Nunca entendí su obra pero me fascinó lo del té con magdalenas.
Me acaba de pasar lo mismo con un donuts.
Llevaba diez años sin comerme uno. Los procesos autodestructivos que desarrollo durante las noches no terminan en la cama. Durante los días siguiente sigo castigándome a base de whooper, pizza hat, sandwiches gasolineros y mayonesas varias.
En mi planta hay una máquina donde puedo culminar mi proceso contra dietético.
Hace diez años que no me comía un donuts y hoy me he comido dos. Y, como estaba cantado, he recordado mi infancia.
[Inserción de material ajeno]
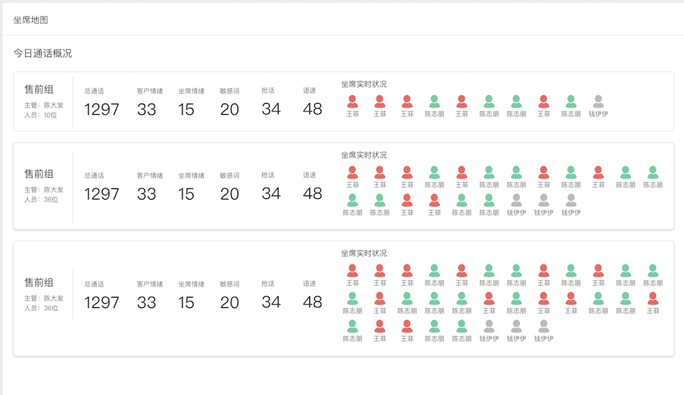 座席辅助系统,不仅可以针对某一通通话完成知识推荐,流程状态导航,通话状态的监测,还可以针对管理者还可以从宏观的层面输出座席工作人员的全部通话报表,方便管理人员查看,这样的视图我们将称为座席地图,如下图所示。
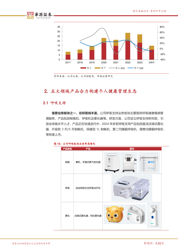 呼吸支持业务板块是公司重要组成部分,提供呼吸健康慢病管理服务,产品包括制氧机、呼吸机及雾化器等。公司设立呼吸支持研究院,引进高水平人才,产品快速迭代。目前该板块体量较小,但收入利润均有较大提升空间。
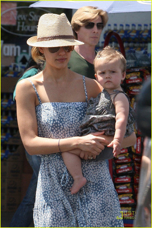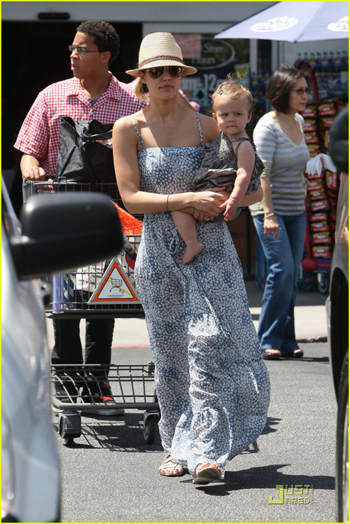 Jessica Alba bế con gái Honor đến cửa hiệu tạp hóa, hai mẹ con mặc váy hoa rất xinh và điệu.
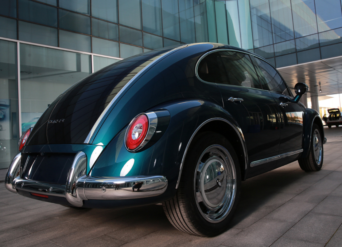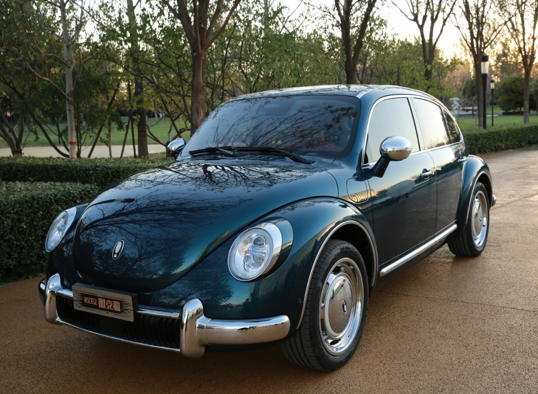 车头前脸就是辨识度很高的圆形复古大灯,镀铬保险杠搭配圆润的前引擎盖,如果换上大众车标,能够和甲壳虫初代产品难辨雌雄。尾部线条采用了大溜背设计,尾灯同样是圆形,再加上炫酷的大饼轮毂,整体看起来很有年代感,开上街的回头率必然很高。细节方面有炫酷的升降尾翼,这种设计有点像长安UNI-V。
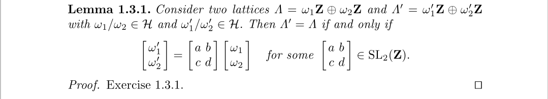 平移存在两种情况,一种是格点到格点,其本质就是乘一个复数,但格点和非格点间的平移,不能满足群同态的基本性质,即单位元到单位元。当然了,我们只需遵循这样的直觉即可,两个环面解析同构意味着它们的格差一个非零复数,我们将解析同构的环面称为是同源的,必需指出的是这里解析同构和同源正好一样只是一个巧合,对于高维的复环面还有其它的定义,进一步两条椭圆曲线对应的复环面同源,则称这两个椭圆曲线同源。我们能找到所有的同源等价类吗?实际就是对格
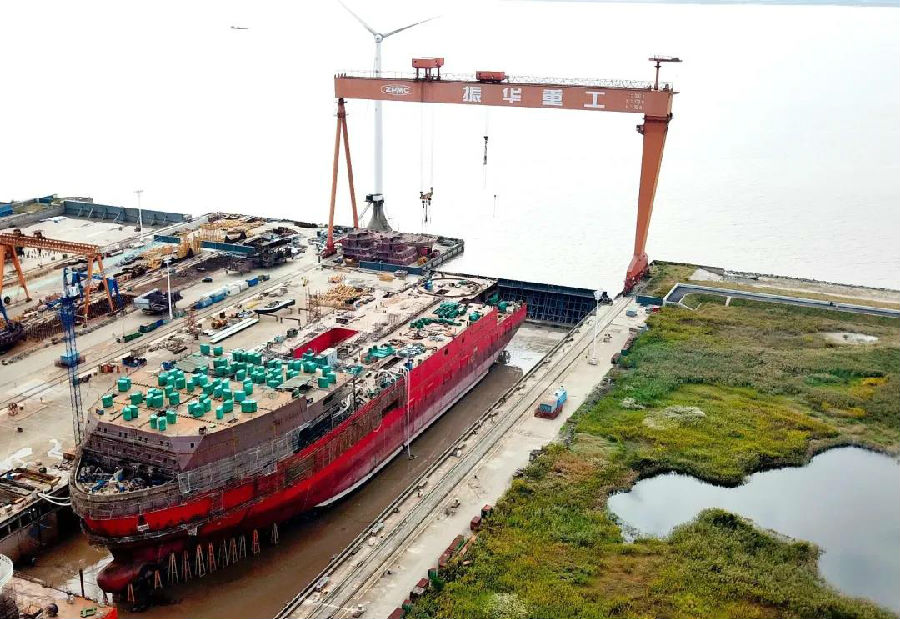 對(dui)于(yu)這(zhe)(zhe)位(wei)長215米(mi)、型寬(kuan)49米(mi)、型深22米(mi)的(de)“巨無霸(ba)”而(er)言(yan),42個(ge)(ge)月的(de)建(jian)造時(shi)間并不寬(kuan)裕。為了(le)順利推(tui)進建(jian)設(she),項(xiang)目(mu)團隊想(xiang)了(le)不少(shao)辦法。一(yi)個(ge)(ge)艏、艉半船(chuan)分(fen)頭建(jian)造再對(dui)接(jie)的(de)大膽設(she)想(xiang)浮現在(zai)陳相(xiang)飛腦海(hai)中,“兩(liang)個(ge)(ge)半船(chuan)同(tong)時(shi)開建(jian),一(yi)定能保質(zhi)趕上工期。”順著(zhu)這(zhe)(zhe)個(ge)(ge)思(si)路,項(xiang)目(mu)團隊立即重新(xin)組織研討、測算、試驗。很快(kuai),新(xin)的(de)方案(an)生成(cheng)了(le)。
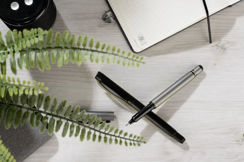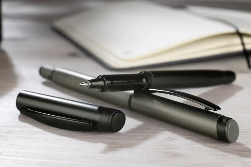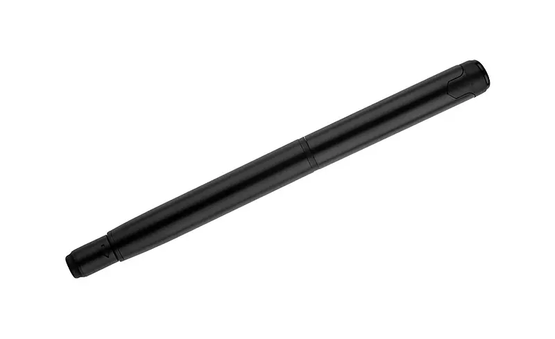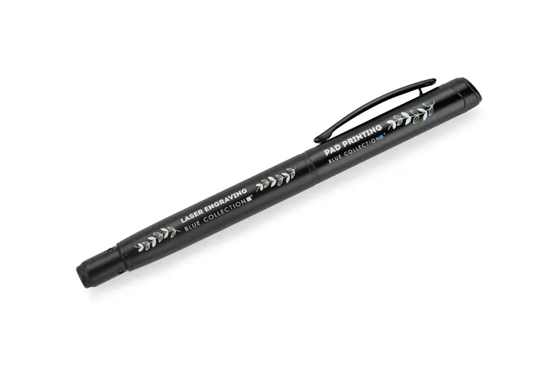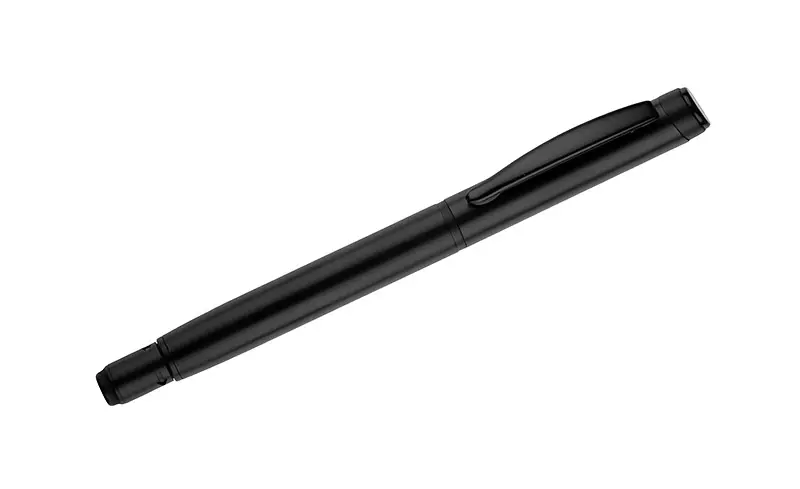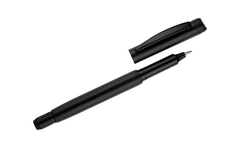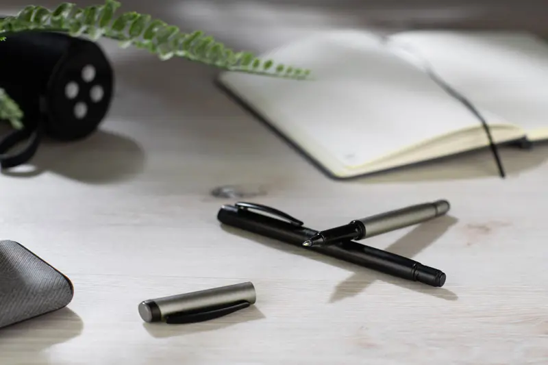 €2.16ROTIS kemijska olovka je aluminijski model s punjenjem od gela bez tinte, zatvoren klasičnom kapicom. Polu-matirana cijev je upotpunjena crnim metalnim klipom, što dodaje elegantan dodir. Rotirajući vrh s integriranim spinnerom služi kao anti-stres funkcija - crna strelica utisnuta u materijal na vrhu suptilno sugerira smjer rotacije.
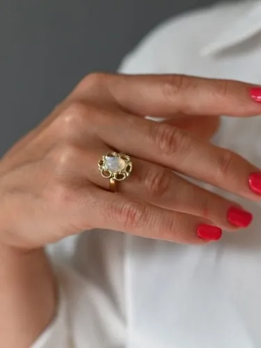 Retro pierścionek pozłacany z kamieniem księżycowym - Venus Galeria
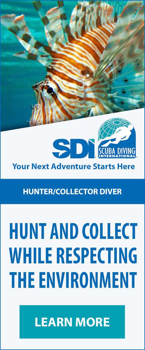 The purpose of this specialty course* is to actively allow the student to engage in the collection of certain marine objects and to demonstrate and explain the necessary rules of underwater hunting. Prudent and conservative techniques of both aspects must be exercised. The Hunter/Collector Diver Course covers the “how-to’s” of hunting and collection of marine life.
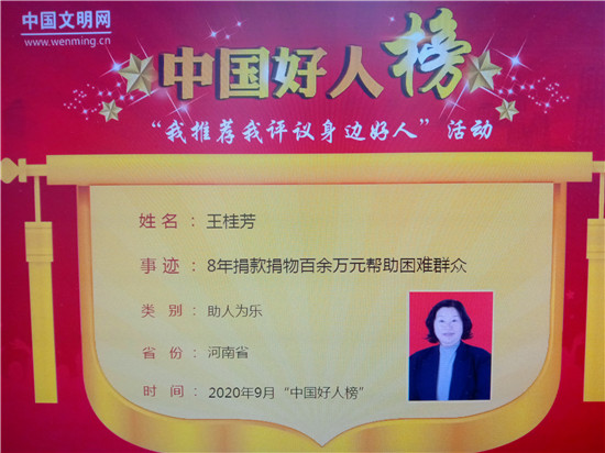 今年56歲的王桂芳,2005年10月告別打工生涯,東拼西湊了十萬多元,成立了品種豬養(yǎng)殖場。經(jīng)過苦心經(jīng)營,目前,她的養(yǎng)殖場已發(fā)展成為占地80畝,存欄母豬300頭,生豬3000頭,年出欄6000頭的大型養(yǎng)殖合作社。受打工經(jīng)濟(jì)的影響,廣大農(nóng)村的一些孤寡老人、空巢老人常年無人照料,日常生活也總是饑一頓飽一頓的,王桂芳看在眼里,疼在心里。2019年1月,王桂芳在太康縣城郊鄉(xiāng)王東月村創(chuàng)辦了一所占地20余畝的村級聯(lián)養(yǎng)院。“本村村民的事,她關(guān)心,外村非親非故的村民有困難,桂芳也會伸手相助。”王東月行政村黨支部書記王錦鄉(xiāng)說,“前天,俺鄉(xiāng)老墳洼村40多歲的徐華偉,妻子先天小兒麻痹癥,3個(gè)孩子中最大的12歲、最小的才7歲,因?yàn)橐疹櫰拮樱烊A偉無法外出務(wù)工,家里特別貧窮。王桂芳聽說后,立即給他送去2000塊錢。截至目前,王桂芳已累計(jì)為本村或臨鄉(xiāng)孤寡老人、貧困戶捐款捐物100多萬元。”
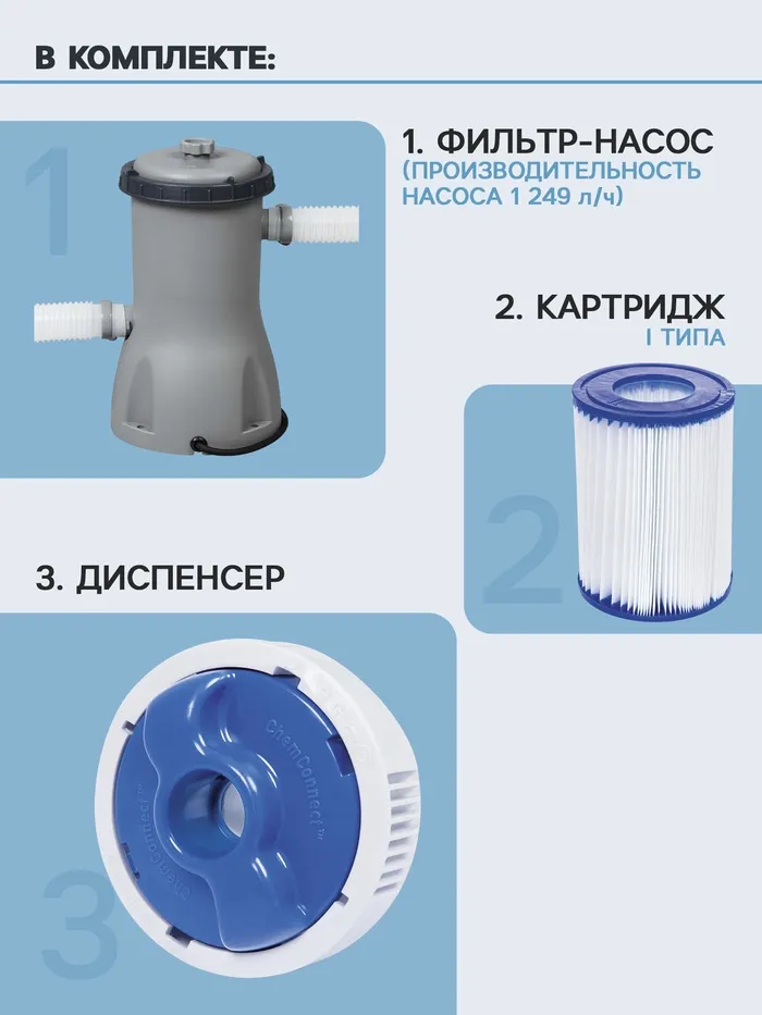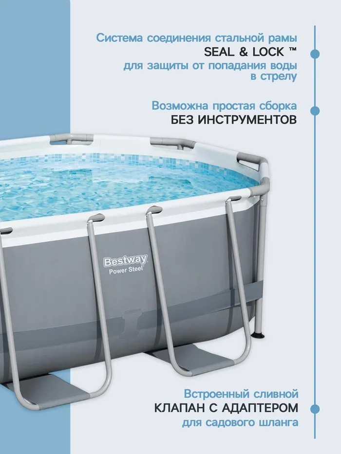 Бассейн каркасный Bestway Power Steel 5614 А, 305×200×84 см, фильтр-насос, диспенсер — Характеристики
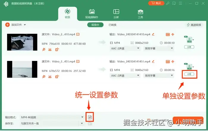 第四步: 我们还可以点击界面下方的小齿轮状图标进行统一的参数设置,也可以点击上传视频对应的右侧【设置】按钮进行单个视频的参数设置。
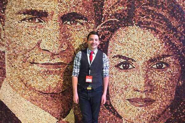 На этой картине также работа Скотта – «Триша». Этот портрет «съел» 3621 винного материала. На фотографии женщина брюнетка, но материал такой, что все становятся блондинками. В любом случае художнику удается добиться потрясающего сходства, учитывая, с каким материалом он работает. Разные цвета винных пробышек позволяют добиться необычайных эффектов светотени.
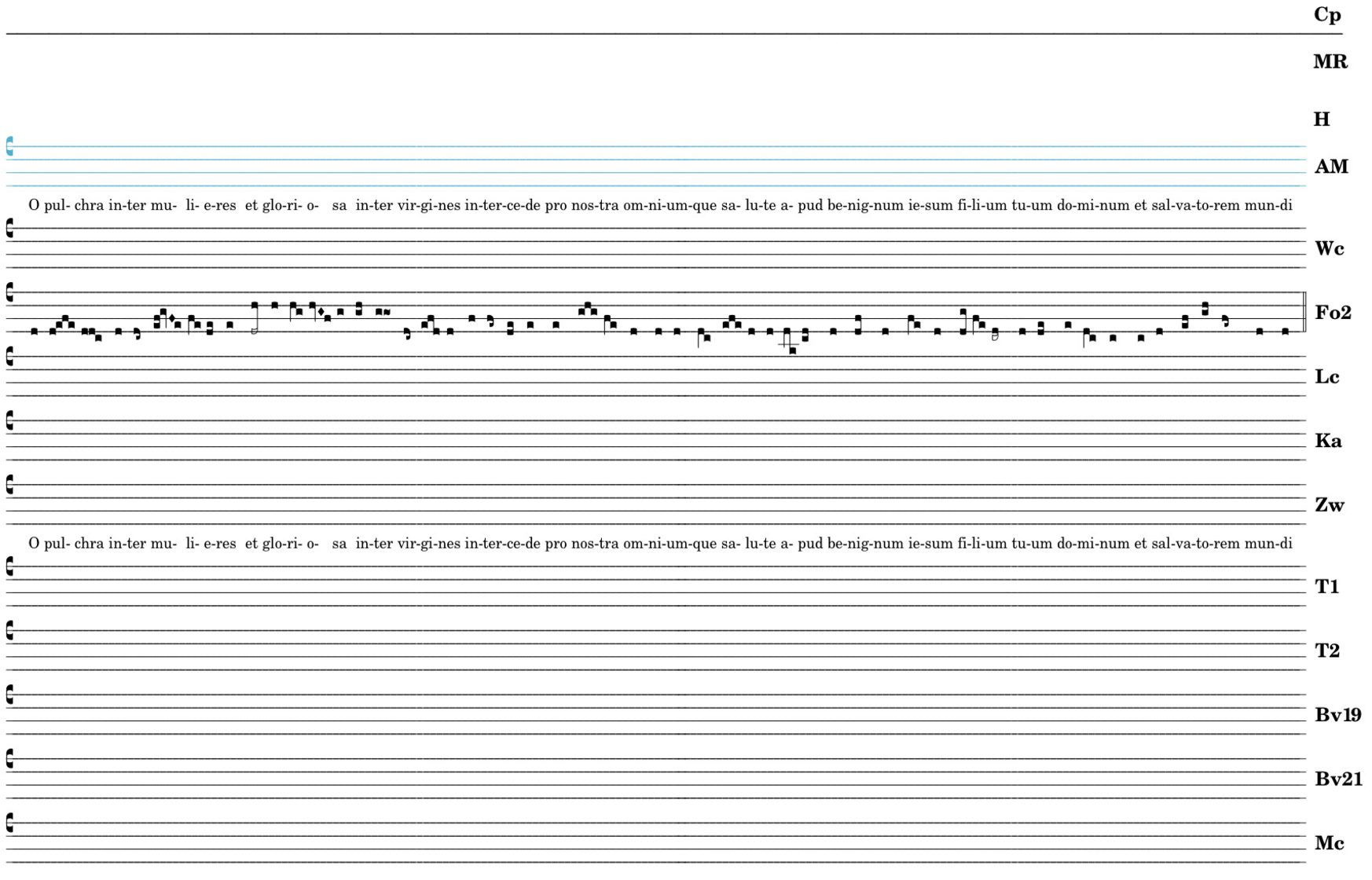 O pulchra inter mulieres / et gloriosa inter virgines / intercede pro nostra omniumque salute / apud benignum iesum filium tuum dominum / et salvatorem mundi.

Años 80. En la torre (casa típica de Aragón) de mis padres los perros eran maltratados según exige la cultura rural. Pasaban el invierno cobijados dentro de un bidón de gasoil colocado horizontalmente y atados al suelo. Algunos morían. Yo nunca me acercaba. Creo que nos reflejabamos mutuamente nuestras miserias. Lo más gracioso es que comían, además de sobras, donuts y xuxos. Mi padre compraba, supongo que a bajo precio, los sobrantes de cafeterías hasta que llebaban un saco pegajoso y maloliente con el paso de los días. Los que estaba blandos fruto de su elnvoltorio me los comía yo.
Los pollos vivían mejor. Comían yogures. Eran Chamburcí y no les gustaban lo de chocolate. En eso eran inquebrantables.
Así ha sido mi infancia. Rodeada de perros que comían donuts y pollos que disfrutaban con yogures chamburcí. Mi madre nunca ha cocinado bien. Aprendió a hacer las cuatro cosas que le gustaban a mi padre y yo me salvaba de sus cucharas de madera en el colegio. Siempre preferí un bocadillo a su terrible arroz blanco y a lo que ella llamaba cocido de ayuno, de sobriedad grecolatina en su preparación y en el sabor.
Esto debería haber sido divertido de no ser por que en mi casa nunca hubo ni un gramo de sentido del humor.
Me lo ha recordado el donut de la quinta planta. Lástima que no me haya dado para los siete tomos de Marcel Proust.